Он уже не увидел, как сквозь брусчатку пробились сияющие, заостренные ростки. Как ветки и корни пронзили камень, сплетаясь в сеть, завязывая живые узлы. Как старый Кремль был сокрушен, и только сверкнули во прахе слабыми отсветами вложенные в него порабощенные таланты мастеров, радующихся – в посмертии – избавлению их детища.
Полковник Шевкунов, комендант Лубянки, задержался в ту ночь на службе. Собственно, он не хотел задерживаться. Наоборот, думал уйти пораньше. Жена на неделю уехала к родителям в Мурманск. Коллеги звали в выходные махнуть на охоту, обещали кабанчика, но отказался. Ему нужно было побыть одному. Подумать. Марина вернется через неделю, и нужно будет ей-что-то-сказать.
Марина уверена, что у него любовница. Вбила себе в голову, что не на работе он пропадает. Я, говорит, чую, что есть около тебя баба какая-то. Ну и что ей объяснишь? Как докажешь, что нет никого, кроме старухи-Лубянки? Клясться будешь?

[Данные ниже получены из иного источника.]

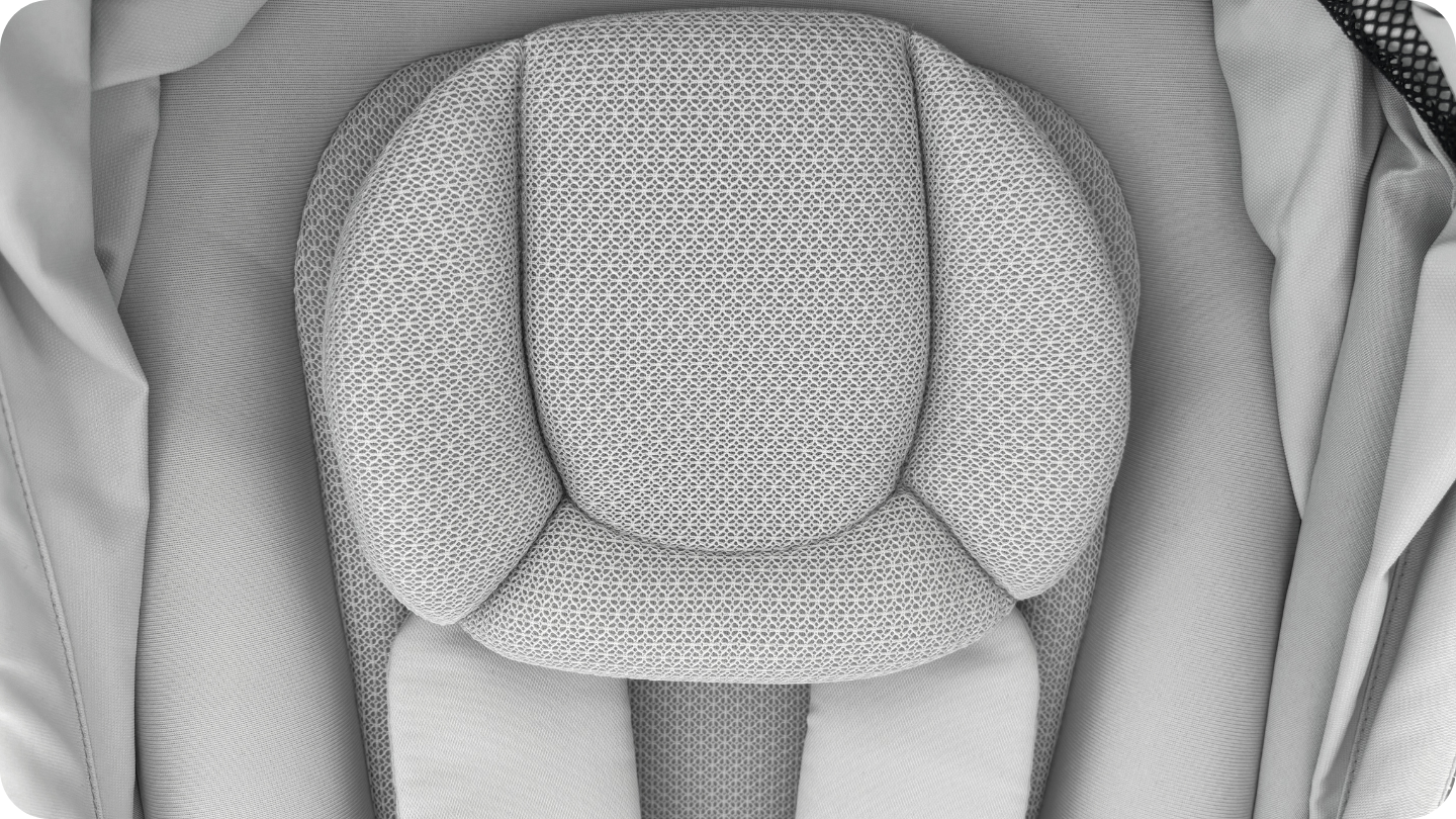 新生児インレイの持つクッション性が、振動や段差を乗り越える際の衝撃を和らげ、赤ちゃんへの負担を軽減してくれますよ。

Она ведь напишет в партком, тоскливо подумал полковник. В своей учительской, звонкой манере. Шевкунов не сомневался, что начальство даст письму ход. Он на хорошем счету. У него нет завистников, работенка-то черная, неблагодарная. Но и заступников нет. А Лубянка… Она не защитит. Она любит, когда свои жрут своих.
Надо посидеть. Подумать.
Но дела сцепились одно с другим и не отпустили Шевкунова. Дела, дела… Гнилой дом. Он это знал. Вслух не говорил, но знал. Снаружи Лубянка выглядела великолепно, фасад ее восхищал и подавлял. А вот внутри… Гнилой дом. Балки, перекрытия, трубы – все прогнившее. Никогда не знаешь, что сломается в следующий раз. Ремонтировали, меняли, использовали новейшие материалы, а все равно – будто заплатки на трупе.
Даже в мелочах: вчера смазали дверные петли – назавтра опять скрипят. Лампочки перегорают втрое, втрое чаще, чем в соседнем здании. Но этого никто не замечает, притерпелись. Только он, Шевкунов. Он же строительный заканчивал, понимает как-никак.
Шевкунов писал наверх, что старое здание нужно целиком перестраивать. Или даже сносить и возводить заново, а не просто фасады ремонтировать. Оно и так уже дважды, а то и трижды съело стоимость сноса и новой постройки.
Ему, разумеется, отвечали: “средства в приоритетном порядке направляются на строительство Главного вычислительного центра”. Да, на эту дуру напротив, через улицу Кирова.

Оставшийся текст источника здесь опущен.